Typhleotris pauliani
- Conservation status: Critically Endangered (IUCN 3.1)

Scientific classification
- Kingdom: Animalia
- Phylum: Chordata
- Class: Actinopterygii
- Order: Gobiiformes
- Family: Milyeringidae
- Genus: Typhleotris
- Species: T. pauliani
- Binomial name: Typhleotris pauliani Arnoult, 1959

= Typhleotris pauliani =

- Authority: Arnoult, 1959
- Conservation status: CR

Species of fish

Typhleotris pauliani is a critically endangered species of fish in the family Milyeringidae that is endemic to Madagascar, where it is only known from a few caves and sinkholes in the southwestern portion of the island.

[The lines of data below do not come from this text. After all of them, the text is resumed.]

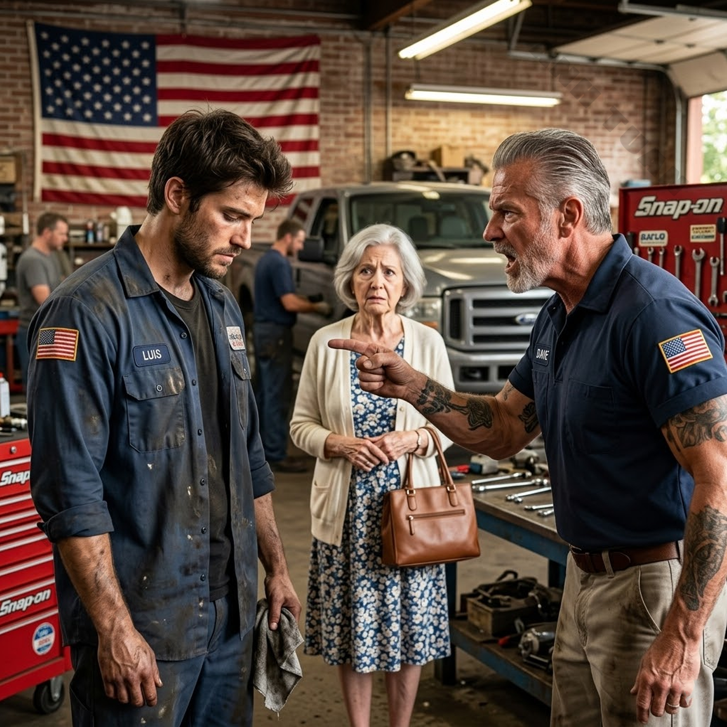 Inside Bay Three, Luis Anco leaned over the open hood of a Ford F-150 and reached down with a socket wrench into a space too tight for comfort. His knuckles were nicked. A streak of black grease ran from the heel of his hand almost to his elbow. Sweat darkened the collar of his work shirt, and the patch sewn over his chest that said LUIS had been washed so many times the red thread around the letters had gone pale. He was twenty-seven, though the set of his shoulders and the tiredness around his eyes often made him seem older. He had the kind of hands that told the truth before a man ever opened his mouth. Rough palms. Cuticles split from solvent and cold mornings. Old burns. Fresh scrapes. Hands that fixed things for people who barely looked at the face attached to them.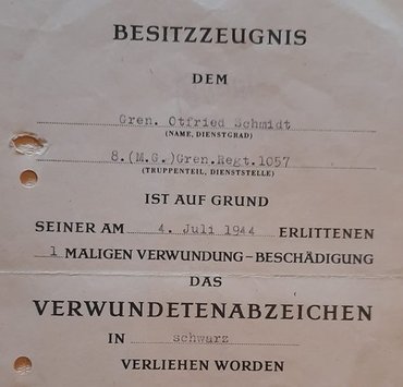 Am vergangenen Freitag hatte für Ottfried Schmidt ein langes Warten endlich sein gutes Ende gefunden. Er erhielt nach 80 Jahren das Verwundetenabzeichen, das ihm eigentlich schon am 27. Juli 1944 hätte verliehen werden sollen. Aber da gab es keines mehr. Wie nun Schmidt letzten Endes doch noch an das Abzeichen gelangte, ist eine interessante Geschichte und auch eng mit dem Volksbund verbunden. Dazu konnte er auch viel über seine Erlebnisse im Zweiten Weltkrieg erzählen.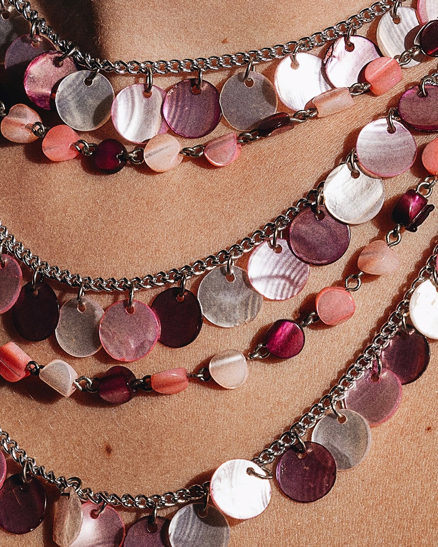 Step into a world of bohemian elegance with this beautiful Vintage Multi-Strand Necklace, clearly signed 'Japan'. This captivating piece, likely from the mid-to-late 20th century (circa 1960s-1980s), features multiple graceful strands adorned with an array of polished shell or mother-of-pearl discs in various shades of pink, purple, and white. Interspersed with coordinating beads, the layered design creates a lovely cascade of color and texture that drapes beautifully. Japanese costume jewelry from this era is renowned for its quality and distinctive aesthetic, often incorporating natural elements. This necklace is perfect for adding a touch of vibrant, natural charm to both casual and more dressed-up ensembles, embodying a free-spirited yet sophisticated style.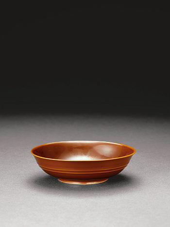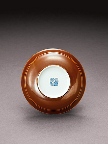 是件單色釉盤,胎質細膩,釉面勻淨,是乾隆朝紫金釉器的箇中精品。

This blind cavefish lacks pigmentation and can reach a standard length of 7.1 cm. It feeds on invertebrates and guano. Part of its range receive some protection, but the species is threatened by disturbance from recreational activities (from tourists and locals) and collectors of guano. The specific name honours the French entomologist and former deputy director of the Institut de recherche pour le développement in Madagascar, Renaud Paulian (1913-2003), who collected the type specimens as well as contributing a lot to the knowledge of the biogeography of the western Indian Ocean.